=== DATA ===
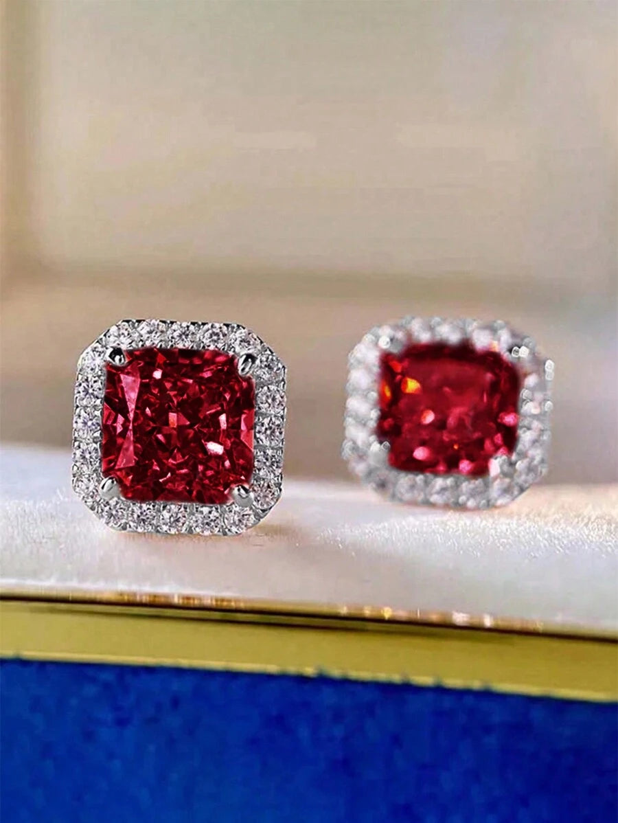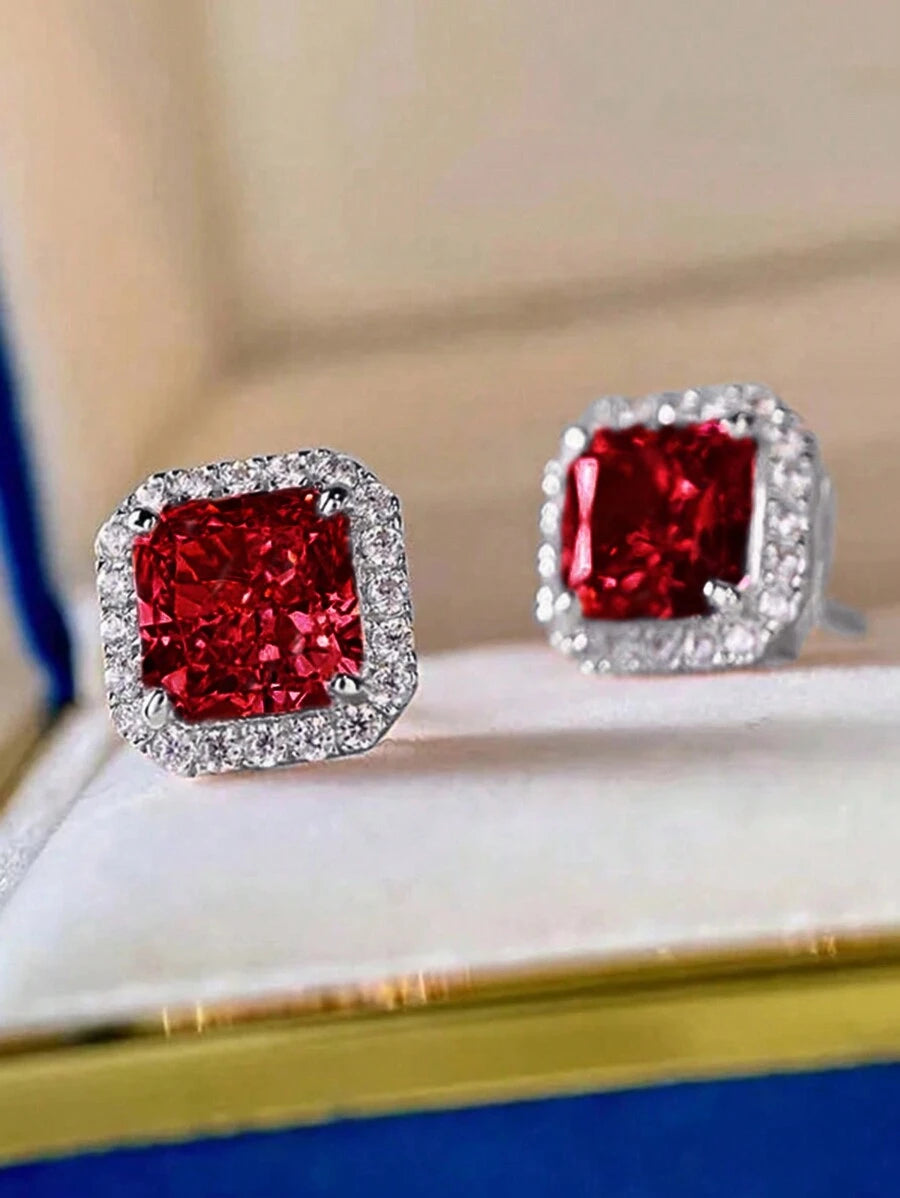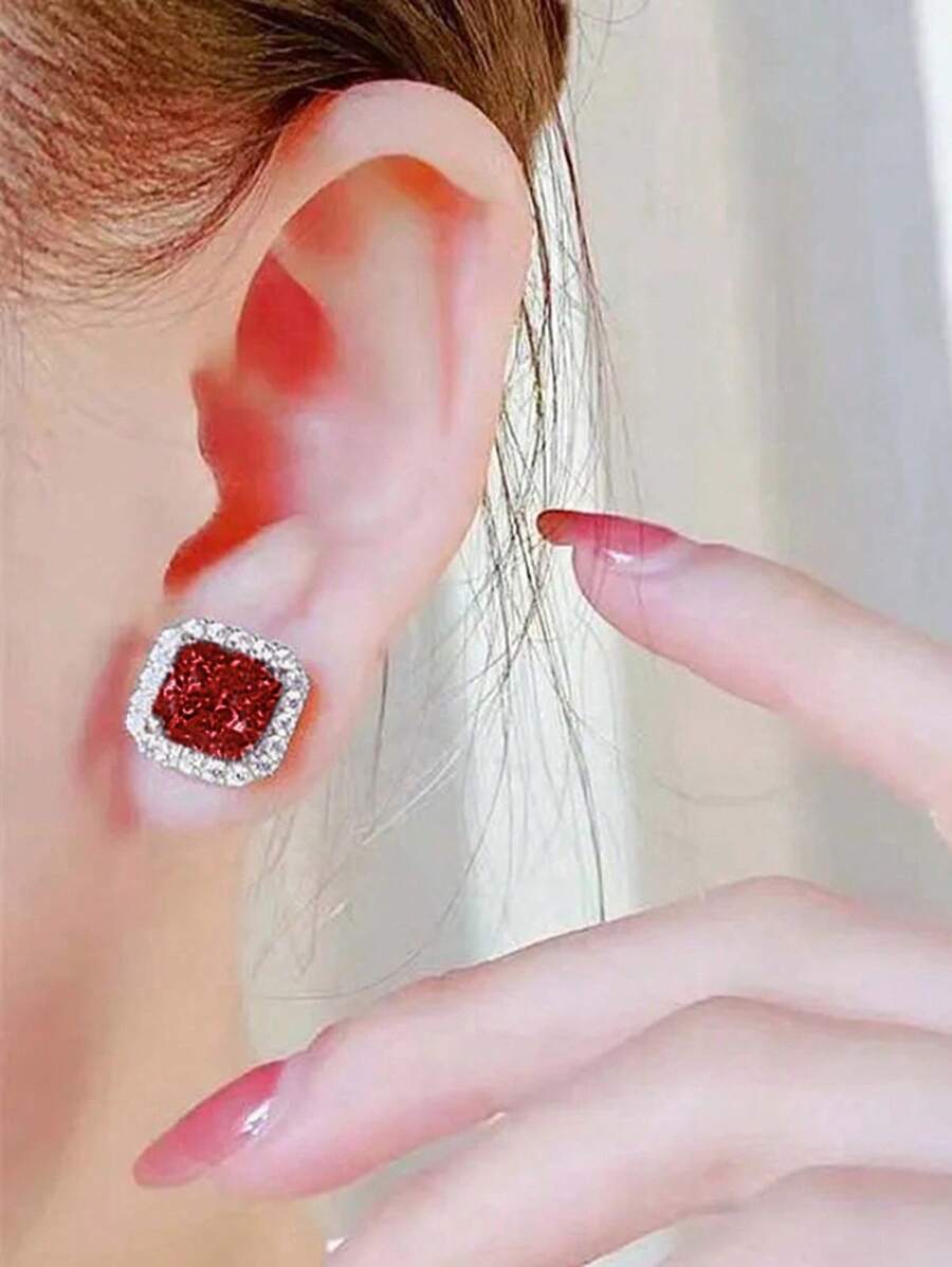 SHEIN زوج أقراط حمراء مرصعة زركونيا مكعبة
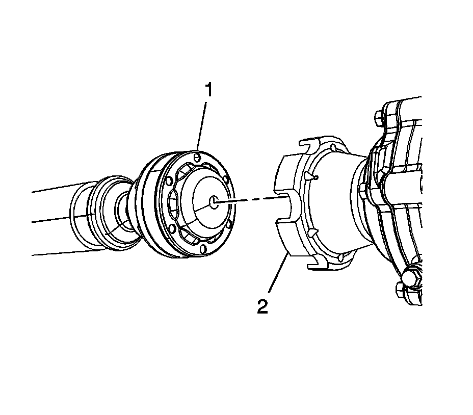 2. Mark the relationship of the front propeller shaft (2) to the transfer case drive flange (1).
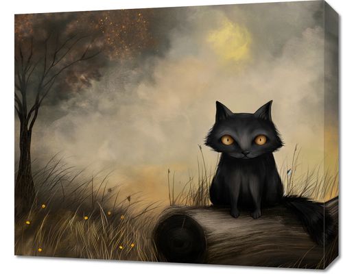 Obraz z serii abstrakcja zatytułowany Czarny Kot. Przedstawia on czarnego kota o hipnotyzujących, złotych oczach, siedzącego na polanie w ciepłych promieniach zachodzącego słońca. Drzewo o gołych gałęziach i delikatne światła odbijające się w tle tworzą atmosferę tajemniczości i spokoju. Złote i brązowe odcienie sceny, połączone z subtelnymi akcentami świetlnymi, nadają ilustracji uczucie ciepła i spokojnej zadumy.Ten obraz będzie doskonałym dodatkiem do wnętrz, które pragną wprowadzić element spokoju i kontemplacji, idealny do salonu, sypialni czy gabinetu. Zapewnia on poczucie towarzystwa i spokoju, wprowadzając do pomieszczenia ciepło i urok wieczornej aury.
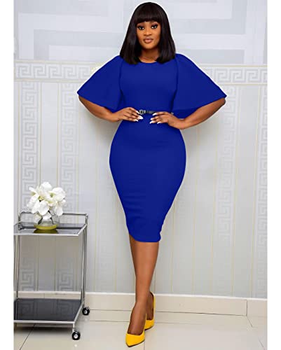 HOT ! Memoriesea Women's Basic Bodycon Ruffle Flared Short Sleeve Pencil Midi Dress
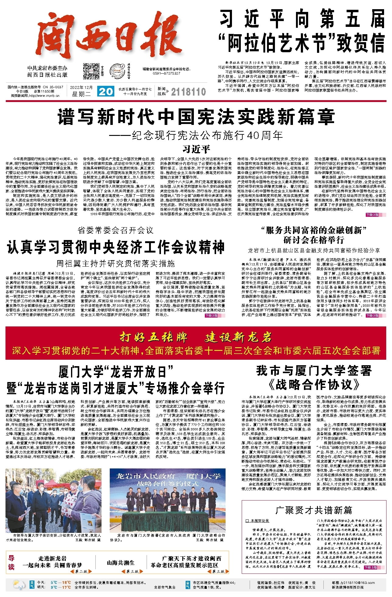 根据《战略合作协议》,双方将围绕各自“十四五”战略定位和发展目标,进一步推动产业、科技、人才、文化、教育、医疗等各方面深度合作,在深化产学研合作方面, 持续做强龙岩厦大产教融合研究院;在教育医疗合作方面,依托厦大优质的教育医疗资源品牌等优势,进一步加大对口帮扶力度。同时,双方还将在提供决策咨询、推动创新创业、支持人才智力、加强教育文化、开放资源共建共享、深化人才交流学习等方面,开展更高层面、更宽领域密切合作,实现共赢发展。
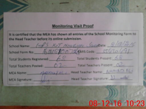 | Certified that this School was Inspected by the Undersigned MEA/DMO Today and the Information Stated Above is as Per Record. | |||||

* * *

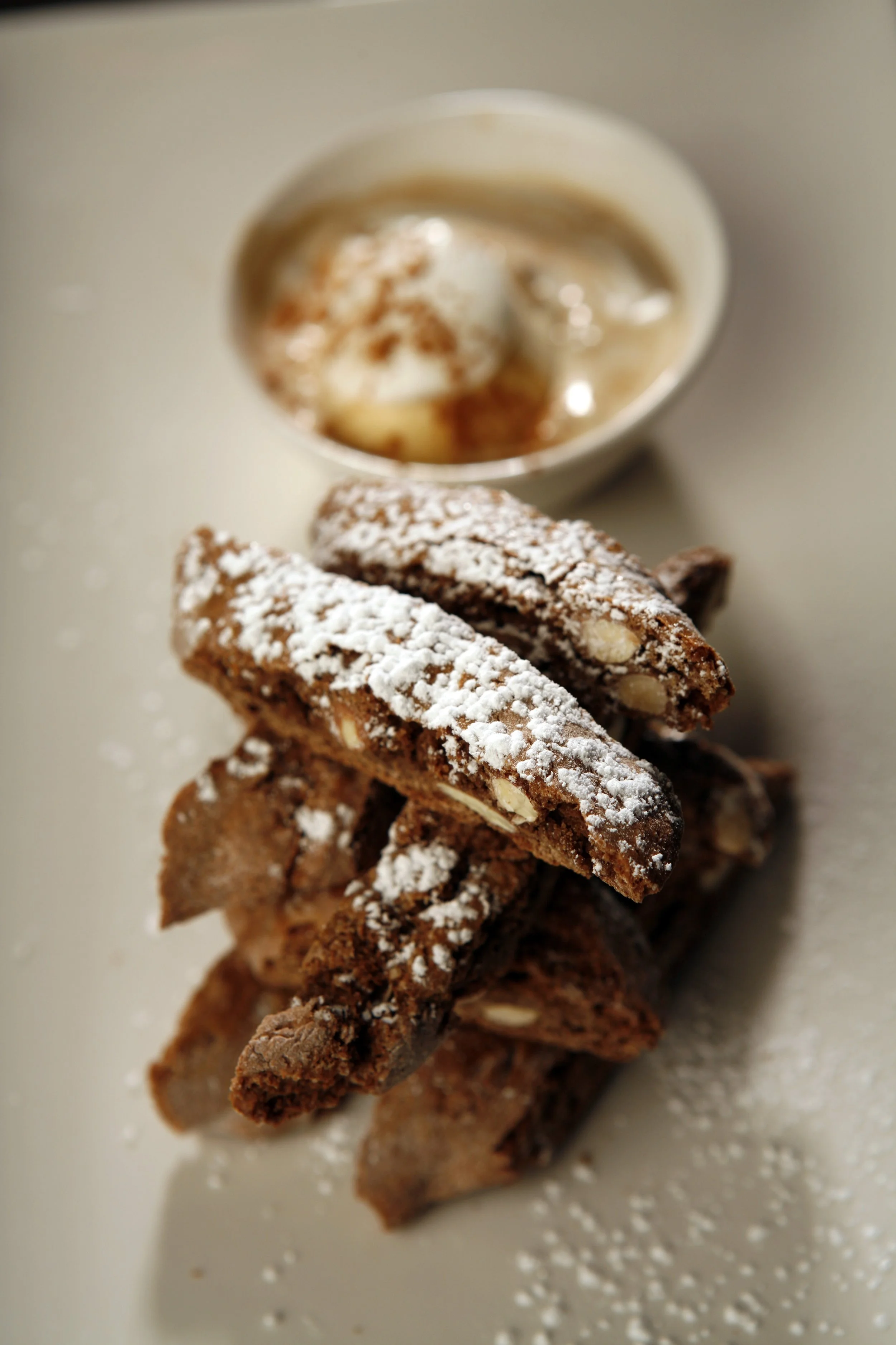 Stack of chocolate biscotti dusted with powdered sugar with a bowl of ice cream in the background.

=== EXERCISE REQUIREMENTS ===
Set down word for word the lines above from the one with "SHEIN زوج أقراط حمراء مرصعة زركونيا مكعبة" up to and including the one with "2. Mark the". Omit every picture.

=== RESULT OF THIS EXERCISE ===
 SHEIN زوج أقراط حمراء مرصعة زركونيا مكعبة
 2. Mark the relationship of the front propeller shaft (2) to the transfer case drive flange (1).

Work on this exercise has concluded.